(Entries taken from a collection)
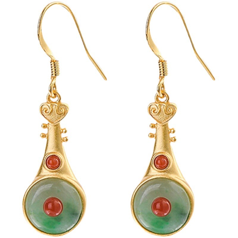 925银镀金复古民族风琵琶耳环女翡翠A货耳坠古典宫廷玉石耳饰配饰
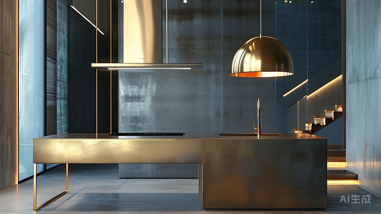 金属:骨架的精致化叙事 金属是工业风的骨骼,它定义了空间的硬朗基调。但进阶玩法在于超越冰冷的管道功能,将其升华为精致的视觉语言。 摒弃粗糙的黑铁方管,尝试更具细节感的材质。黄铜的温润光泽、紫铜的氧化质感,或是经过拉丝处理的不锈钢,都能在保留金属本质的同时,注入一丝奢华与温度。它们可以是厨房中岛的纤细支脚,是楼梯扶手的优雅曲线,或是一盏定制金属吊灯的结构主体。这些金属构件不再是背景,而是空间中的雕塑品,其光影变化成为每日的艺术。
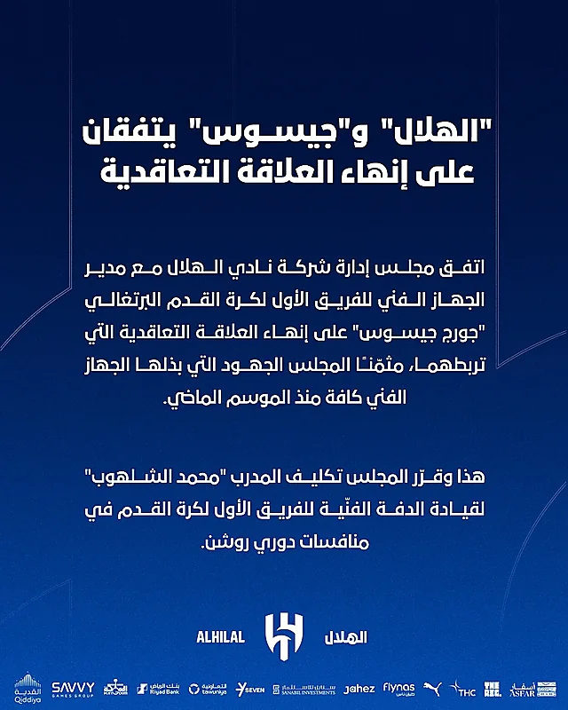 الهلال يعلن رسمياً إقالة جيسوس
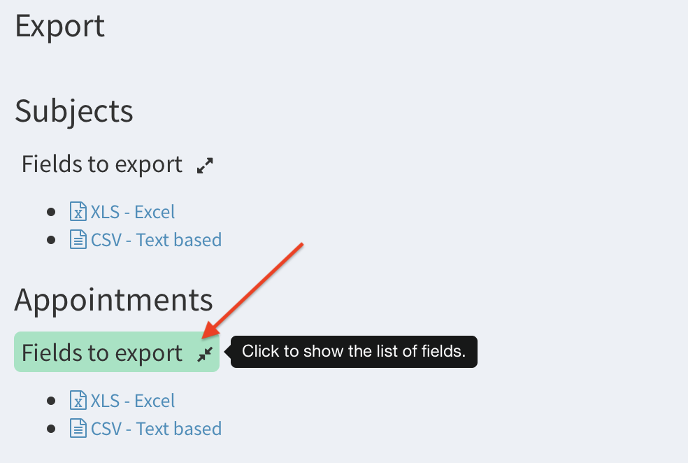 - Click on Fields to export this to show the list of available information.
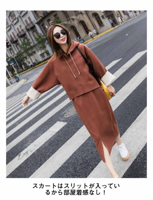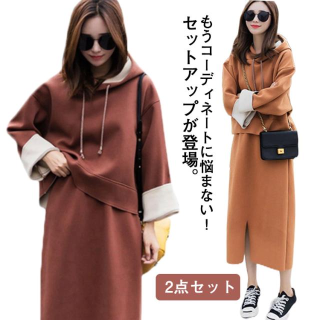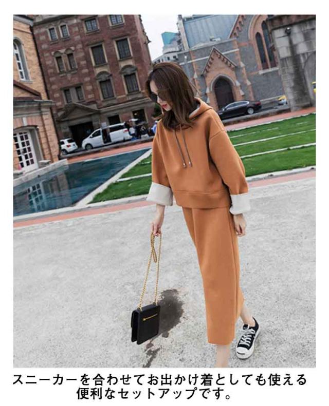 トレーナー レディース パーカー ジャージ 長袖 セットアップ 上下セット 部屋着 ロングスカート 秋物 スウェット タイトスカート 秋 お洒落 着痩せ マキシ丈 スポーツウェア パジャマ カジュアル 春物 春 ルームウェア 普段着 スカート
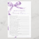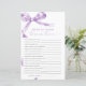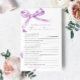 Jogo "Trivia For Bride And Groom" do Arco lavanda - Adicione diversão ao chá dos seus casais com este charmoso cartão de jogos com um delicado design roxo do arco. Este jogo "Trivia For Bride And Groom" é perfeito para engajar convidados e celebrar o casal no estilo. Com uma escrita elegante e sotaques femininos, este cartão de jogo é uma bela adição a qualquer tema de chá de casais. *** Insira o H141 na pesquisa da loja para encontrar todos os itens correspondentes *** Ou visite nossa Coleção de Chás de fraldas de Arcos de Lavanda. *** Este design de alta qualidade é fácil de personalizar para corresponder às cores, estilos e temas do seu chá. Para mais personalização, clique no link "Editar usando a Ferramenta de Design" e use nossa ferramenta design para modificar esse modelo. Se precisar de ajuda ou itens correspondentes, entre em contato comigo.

:: PROBLEM TO WORK ON ::
What you should return is the exact text of every line from the top of the entries through the line with "- Click on Fields", pictures removed.

:: ANSWER AREA ::
 925银镀金复古民族风琵琶耳环女翡翠A货耳坠古典宫廷玉石耳饰配饰
 金属:骨架的精致化叙事 金属是工业风的骨骼,它定义了空间的硬朗基调。但进阶玩法在于超越冰冷的管道功能,将其升华为精致的视觉语言。 摒弃粗糙的黑铁方管,尝试更具细节感的材质。黄铜的温润光泽、紫铜的氧化质感,或是经过拉丝处理的不锈钢,都能在保留金属本质的同时,注入一丝奢华与温度。它们可以是厨房中岛的纤细支脚,是楼梯扶手的优雅曲线,或是一盏定制金属吊灯的结构主体。这些金属构件不再是背景,而是空间中的雕塑品,其光影变化成为每日的艺术。
 الهلال يعلن رسمياً إقالة جيسوس
 - Click on Fields to export this to show the list of available information.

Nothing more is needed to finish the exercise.